School accountability ratings released by the Delaware Department of Education on Friday showed the state has 20 percent fewer "Superior" schools this year and only half as many "Commendable" schools as last year. There was a concurrent rise in the number of schools under "Academic Review" and "Academic Progress."
"The clock is ticking on us," Former Secretary Lowery said. "We have to take big, giant steps toward radically improving our education system quickly enough to have this generation of students ready to compete for the next generation of jobs and opportunity. We have the opportunity to transform education in the First State. The Race to the Top program will provide the schools with the necessary resources to plan and implement aggressive reforms."

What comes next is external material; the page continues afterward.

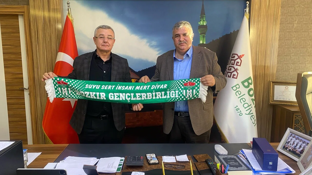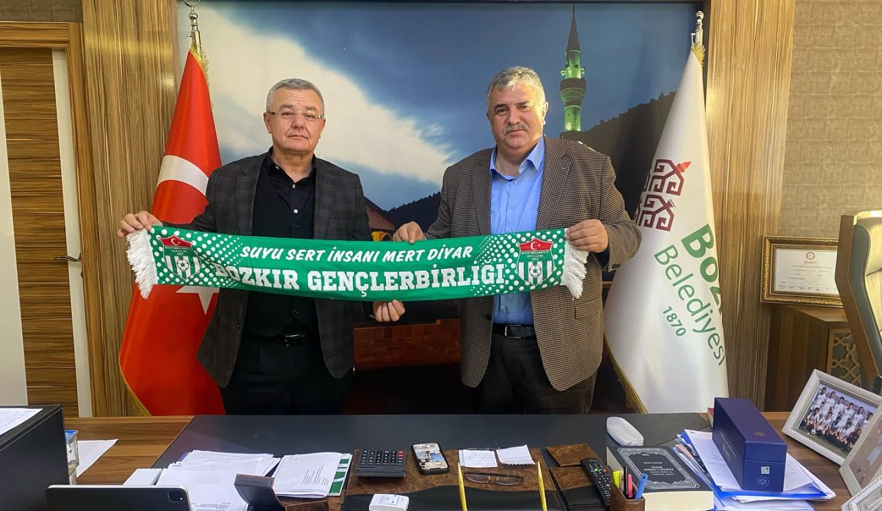 Konyaspor Yönetim Kurulu Üyesi ve Dutar Grup Elektrik A.Ş. Yönetim Kurulu Başkanı Mustafa Dutar, Bozkır Belediye Başkanı Nazif Karabulut’u ziyaret etti.Ziyaretten duyduğu memnuniyeti dile getiren Başkan Karabulut, Dutar’a Bozkır Gençlerbirliği atkısı hediye etti.

Former Secretary Lowery said Delaware students will be "the beneficiaries of this tremendous change. Race to the Top will give us the resources to help us have a great teacher in every classroom, a visionary leader in every school and a much more rigorous academic offering for every child. This opportunity is like nothing ever seen before in Delaware. It’s the most important opportunity our children have ever had for significantly better public schools."
The report released Friday shows that 66 schools have been rated Superior, 17 schools have been rated Commendable, 46 schools have been rated Academic Review, 26 schools have been rated "Academic Progress – Under Improvement" and 37 schools have been rated "Academic Watch – Under Improvement."
"Today, we congratulate our schools that made the grade or made progress toward reaching the standards. But we also sound this challenge across Delaware – it’s time to throw out the old scoreboard, throw out the old record books and say that what we now must have in public education in Delaware is not basic achievement or basic progress but absolute transformation," Former Secretary Lowery said.
As a result of the No Child Left Behind (NCLB) Act of 2001, all states are required to conduct a federally approved annual assessment of all students in grades 3-8 and one high school grade. In Delaware, the Delaware Student Testing Program (DSTP) is currently used to assess student knowledge in reading, writing, mathematics, science and social studies. Student results of each year’s DSTP assessment is then used as the primary means to determine school accountability ratings.
"About 43 percent of Delaware schools are rated as superior or commendable. This level of success would not be possible without the hard work of our teachers, our school leaders, parents and students at those schools. But we should all be very alarmed that nearly two out of every 10 Delaware public schools are on the academic watch list because they are failing to meet both the federal and state standards for progress," Former Secretary Lowery said.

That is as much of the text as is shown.